### [Activity]
Copy the listing verbatim, excluding any images found in it.

### [Material provided]

● ● ●

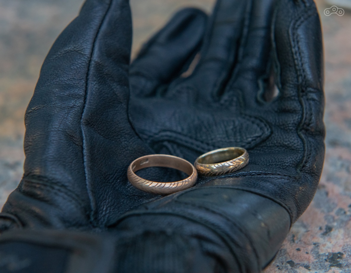 С чего начинается свадьба? Конечно же, с предложения. А где предложение, там и кольца. А раз свадьба у мотоциклистов, то и кольца - особенные. Оба фамильные, подготовлены членом семьи. Специально обученная фирма сделала гравировку на заказ, за что я им очень благодарен.
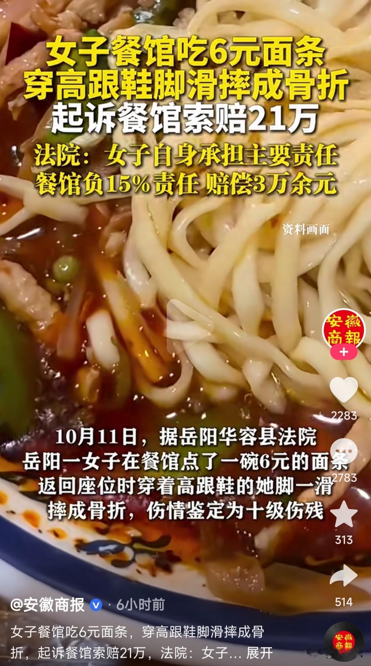 岳阳一女子在餐馆点了一碗6元的面条,返回座位时穿着高跟鞋脚滑摔成骨折,女子起诉餐馆索赔21万元。 这女子如果在室外马路上滑倒摔骨折了她应该去告谁来赔偿?她在餐馆点了一碗6元的面条,由于自己穿着高跟鞋滑倒摔骨折了,她居然起诉餐馆老板赔偿21万,这给人的感觉咋有点像在讹人呢?她光起诉餐馆老板不应该啊?她应该起诉装修工铺地板的,还有制造地板的,在把高跟鞋厂家也起诉了,这样不是赔偿的更多吗?如此赔偿下来后半辈子就算是躺在床上吃喝拉撒都衣食无忧了不是吗? 这老板简直比窦娥还冤,卖了一碗6元的面条顾客还没吃到嘴里,竟然给人家赔偿了3万多,这3万多不知道要卖多少碗面条才能赚回来?万幸的是她滑倒摔骨折了,这万一滑倒突然之间摔死了,这不知道又要赔偿多少个3万?餐厅摔伤 饭店摔伤
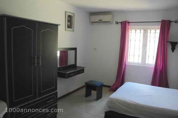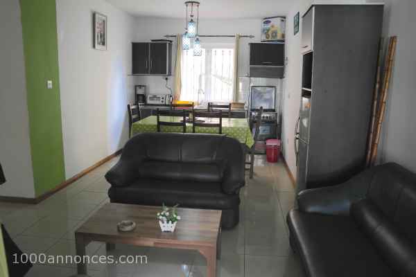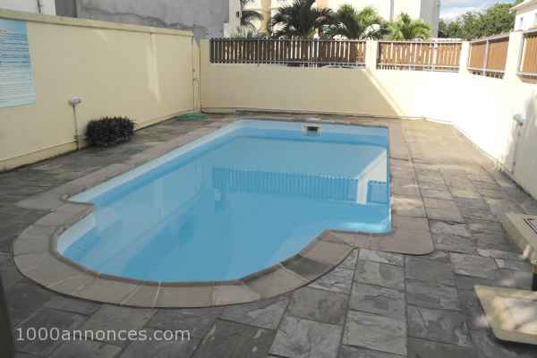 Flic en Flac location appartement récent situé au rez de chaussé avec piscine commune dans une résidence sécurisée et proche commerces, plage, quartier calme. Il se compose: D'un petit jardin, d'une terrasse, d'un espace séjour salle à manger et cuisine ouverte, 3 chambres climatisées, une salle de bains et toilette, un parking.
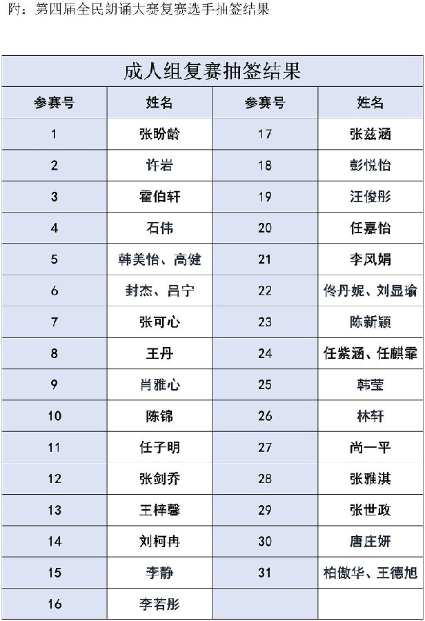 由鞍山市文化旅游和广播电视局、鞍山市教育局、共青团鞍山市委员会、鞍山市妇女联合会、鞍山市文化旅游发展促进中心联合主办,市图书馆、市朗诵艺术协会承办的“雅言诵古韵 书香满钢城”鞍山市第四届全民朗诵大赛复赛将于9月21、22日在鞍山市图书馆一楼报告厅开赛,现将复赛抽签结果、复赛要求等相关内容公布如下:

● ● ●

### [Task result]
 С чего начинается свадьба? Конечно же, с предложения. А где предложение, там и кольца. А раз свадьба у мотоциклистов, то и кольца - особенные. Оба фамильные, подготовлены членом семьи. Специально обученная фирма сделала гравировку на заказ, за что я им очень благодарен.
 岳阳一女子在餐馆点了一碗6元的面条,返回座位时穿着高跟鞋脚滑摔成骨折,女子起诉餐馆索赔21万元。 这女子如果在室外马路上滑倒摔骨折了她应该去告谁来赔偿?她在餐馆点了一碗6元的面条,由于自己穿着高跟鞋滑倒摔骨折了,她居然起诉餐馆老板赔偿21万,这给人的感觉咋有点像在讹人呢?她光起诉餐馆老板不应该啊?她应该起诉装修工铺地板的,还有制造地板的,在把高跟鞋厂家也起诉了,这样不是赔偿的更多吗?如此赔偿下来后半辈子就算是躺在床上吃喝拉撒都衣食无忧了不是吗? 这老板简直比窦娥还冤,卖了一碗6元的面条顾客还没吃到嘴里,竟然给人家赔偿了3万多,这3万多不知道要卖多少碗面条才能赚回来?万幸的是她滑倒摔骨折了,这万一滑倒突然之间摔死了,这不知道又要赔偿多少个3万?餐厅摔伤 饭店摔伤
 Flic en Flac location appartement récent situé au rez de chaussé avec piscine commune dans une résidence sécurisée et proche commerces, plage, quartier calme. Il se compose: D'un petit jardin, d'une terrasse, d'un espace séjour salle à manger et cuisine ouverte, 3 chambres climatisées, une salle de bains et toilette, un parking.
 由鞍山市文化旅游和广播电视局、鞍山市教育局、共青团鞍山市委员会、鞍山市妇女联合会、鞍山市文化旅游发展促进中心联合主办,市图书馆、市朗诵艺术协会承办的“雅言诵古韵 书香满钢城”鞍山市第四届全民朗诵大赛复赛将于9月21、22日在鞍山市图书馆一楼报告厅开赛,现将复赛抽签结果、复赛要求等相关内容公布如下:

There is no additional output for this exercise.